Li no longer controls Shenzhen Airlines, although he remains on staff as a generously paid senior consultant. He’s also a well-connected financier and ex-con who was in and out of prison before raising via questionable — officials say illegal — means 2.72 billion yuan to buy Shenzhen Airlines.Li’s holding company, Shenzhen Huirun Investments Co. Ltd., acquired a 65 percent stake in the nationwide carrier in a May 2005 auction, frustrating more prominent bidders, including CITIC Group and Air China.
Authorities say Huiran, set up in March 2005 with registered capital of a mere 10 million yuan in borrowed cash, was little more than a shell for a financing scheme that funneled borrowed money into the deal. And Li raised the cash by massaging his personal connections to high-ranking military, government and business leaders.
“I don’t have money” personally, he said. “I’m just foolishly bold.”
The airline succeeded, winning Li respect for his business savvy. Today, Shenzhen Airlines operates a fleet of nearly 100 aircraft, and serves 135 domestic and international routes. But since 2010, Huirun has been only a minor stakeholder while Air China holds a 51 percent stake.
One morning in late 2009, police stopped Li on a highway while he drove to Chongqing from Hunan Province. He was detained and held until last April, when he was brought to Beijing to stand trial with five other former Shenzhen Airlines executives, including ex-chairman Zhao Xiang and former China Southern Airlines chief Li Kun.
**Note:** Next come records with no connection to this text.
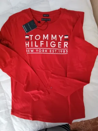 Camiseta de manga larga de Tommy Hilfiger, confeccionada en algodón orgánico. T. 16 años. - Diseño con logo grande en el pecho. - Estampado New York Est. 1985. - Cuello redondo.
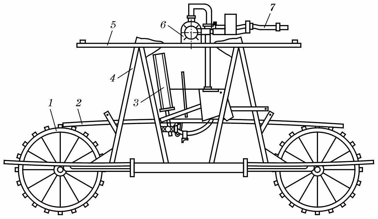 Рис. 13.34. Самохідна опора машини «Фрегат»: 1 —колесо; 2 — система важільного механізму приводу коліс; 3 — гідропривід; 4 — рама; 5 — труба; 6 — система автоматичної синхронізації руху опори; 7 — огорожа
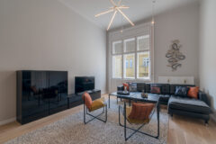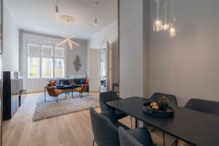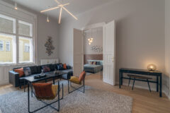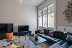 Very well located penthouse apartment Absolutely stunning apartment! Modern, slightly industrial style classic apartment located in a secession house in the downtown close tot he Boscolo Hotel and the New York Coffee House. The apartment is bright, spacious and carefully designed, taking care of small details like original wall papers and the wooden floor. The apartment has a huge living room fuctioning as a social area too. From the living room, there is an access to the bedroom and the bathroom. The kitchen is fully equipped. Great place for living, shooting commercials, series.

Each man was charged in Beijing Second Intermediate People’s Court with embezzling some of the more than 2 billion yuan tied to the airline takeover. Prosecutors say Li, for example, fleeced the airline to pay back Huirun’s original investors.
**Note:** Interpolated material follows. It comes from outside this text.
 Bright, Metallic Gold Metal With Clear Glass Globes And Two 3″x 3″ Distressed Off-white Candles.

Li once admitted that to finance the airline’s takeover he had “borrowed a chicken to lay eggs, borrowed a ship to make a voyage.” In other words, his plan was always based on leveraging what was expected to be growing equity in the airline for new loans, which in turn would be used to pay down debt. Li was confident the company would grow quickly, and his financing strategy, at least for awhile, succeeded.
Prosecutors say the executives embezzled airline funds for personal gain. Li is also charged with breaking his parole requirements, and thus could be forced to serve not only prison time for embezzlement — a crime that carries a maximum life in prison — but also serve the six years remaining on his previous prison term when he was released in 2003.
As of late June, Li had been brought into the Beijing court for three hearings.
At the first hearing in April, an emotional Li suffered a serious nose bleed. He showed up for the May hearing with an IV tube in his arm. And in June, a haggard Li faced judges while wearing an oxygen mask.
As of early July, Li and his former colleagues were awaiting court rulings. There was no timetable for decisions.
Long March
Li Zeyuan was born Li Yishi in northeastern China’s Xingcheng County, Liaoning Province, in 1953. He drew close to an older boy in the neighborhood named Zhao Xiang, who came from a wealthier family.
Zhao attended university and entered government service. Li dropped out of school after his second year of junior high school, then enlisted in the military.
Li says that after he enlisted in 1969 at age 16, he worked as a driver and then superintendent for an officer’s family at a local military academy, which later merged with the National Defense University.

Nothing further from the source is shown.